> **ASSIGNMENT**:
Set down the records exactly, and omit any image found in them.

> **EXERCISE MATERIAL**:
┌──

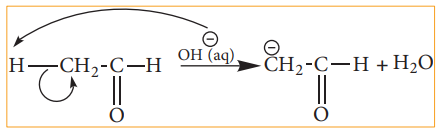 ஆல்டிஹைடு அல்லது கீட்டோன்களில் காணப்படும் C-H பிணைப்பு பிளவுபடுதலை நாம் கருதுவோம். ஹைட்ரஜனைக் காட்டிலும் கார்பன் அதிக எலக்ட்ரான் கவர்தன்மை உடையது என நாம் அறிவோம் எனவே C-H பிணைப்பின் சீரற்ற பிளவால் கார்பன் எதிர் அயனி உருவாகிறது. எடுத்துக்காட்டாக ஆல்டால் குறுக்க வினையில் OH- அயனியானது ஆல்டிஹைடின் α-ஹைட்ரஜனைக் கவர்வதால் பின்வரும் எதிர் அயனி உருவாகிறது.
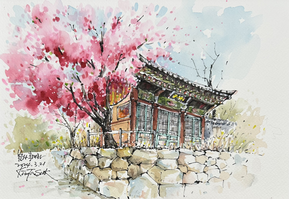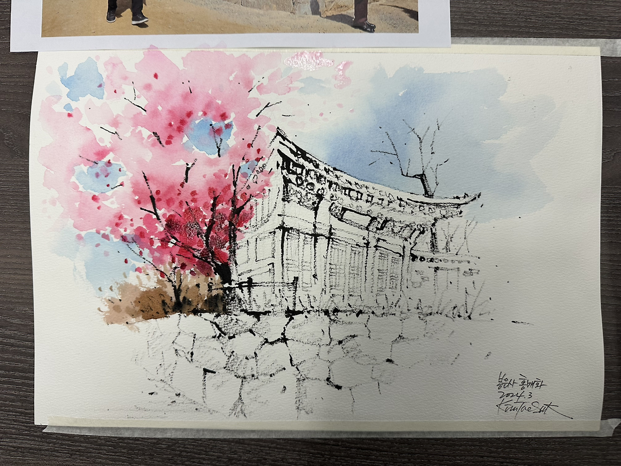 바로 홍매화 그리기 수업을 하기 위해서였는데~
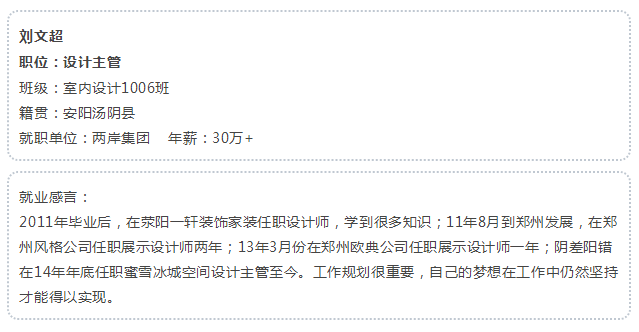 作为职业设计教育,河南西儒教育(设计学院)的就业优势尤为明显 。一方面学校重视学生综合素质的培养,把技能和素质教育有机结合起来,着力培养“有知识 、有技能”的复合型人才;另一方面,西儒和业内知名企业订单式培养、形成了一个系统规范的企业订单式就业网络,学校郑重承诺各专业合格毕业学生提供推荐就业服务,十年就业跟踪免费终身指导及再就业工程。
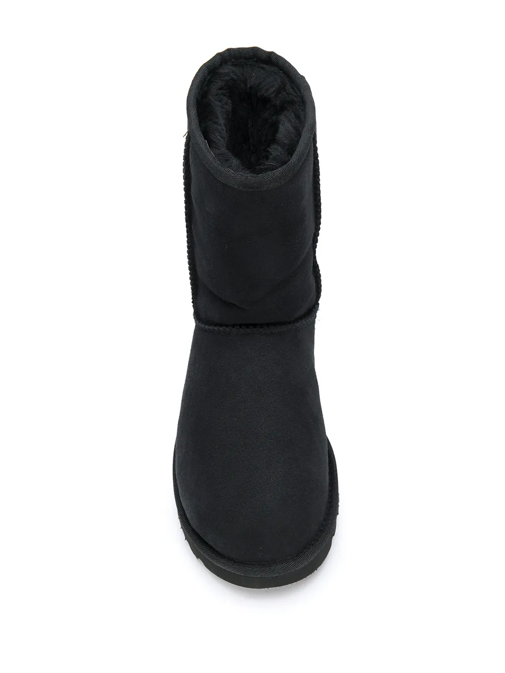 Black leather slip-on boots from UGG featuring a round toe, a slip-on style and a ridged rubber sole.
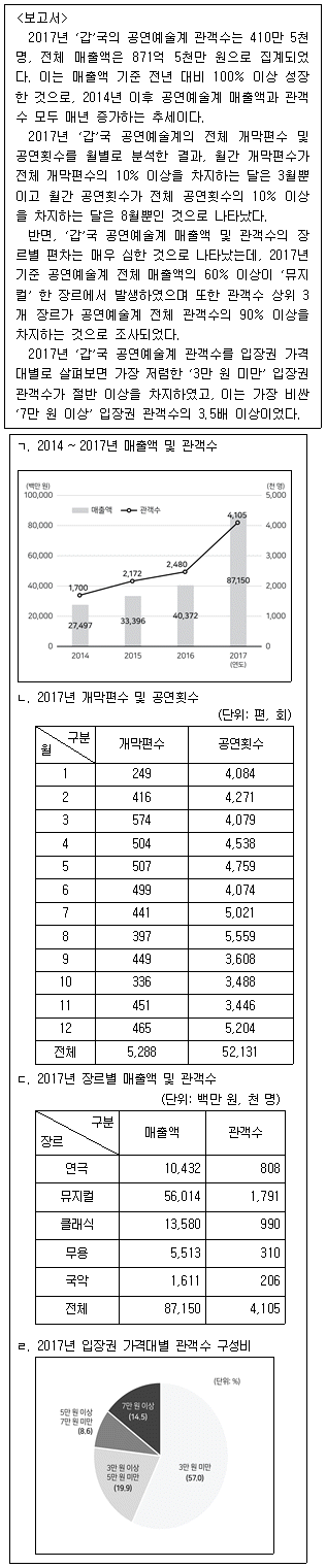다음 <보고서>는 2017년 '갑'국의 공연예술계 시장 현황에 관한 자료이다. <보고서>의 내용과 부합하는 자료만을 <보기>에서 모두 고르면?
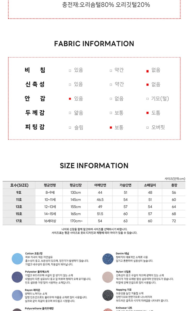 1. 제품 소재 (섬유의 조성 또는 혼용률을 백분율로 표시, 기능성인 경우 성적서 또는 허가서) | 겉감:폴리에스터100% 안감:폴리에스터100% 충전재:오리솜털80% 오리깃털20% |

└──

> **ANSWER BELOW**:
 ஆல்டிஹைடு அல்லது கீட்டோன்களில் காணப்படும் C-H பிணைப்பு பிளவுபடுதலை நாம் கருதுவோம். ஹைட்ரஜனைக் காட்டிலும் கார்பன் அதிக எலக்ட்ரான் கவர்தன்மை உடையது என நாம் அறிவோம் எனவே C-H பிணைப்பின் சீரற்ற பிளவால் கார்பன் எதிர் அயனி உருவாகிறது. எடுத்துக்காட்டாக ஆல்டால் குறுக்க வினையில் OH- அயனியானது ஆல்டிஹைடின் α-ஹைட்ரஜனைக் கவர்வதால் பின்வரும் எதிர் அயனி உருவாகிறது.
 바로 홍매화 그리기 수업을 하기 위해서였는데~
 作为职业设计教育,河南西儒教育(设计学院)的就业优势尤为明显 。一方面学校重视学生综合素质的培养,把技能和素质教育有机结合起来,着力培养“有知识 、有技能”的复合型人才;另一方面,西儒和业内知名企业订单式培养、形成了一个系统规范的企业订单式就业网络,学校郑重承诺各专业合格毕业学生提供推荐就业服务,十年就业跟踪免费终身指导及再就业工程。
 Black leather slip-on boots from UGG featuring a round toe, a slip-on style and a ridged rubber sole.
다음 <보고서>는 2017년 '갑'국의 공연예술계 시장 현황에 관한 자료이다. <보고서>의 내용과 부합하는 자료만을 <보기>에서 모두 고르면?
 1. 제품 소재 (섬유의 조성 또는 혼용률을 백분율로 표시, 기능성인 경우 성적서 또는 허가서) | 겉감:폴리에스터100% 안감:폴리에스터100% 충전재:오리솜털80% 오리깃털20% |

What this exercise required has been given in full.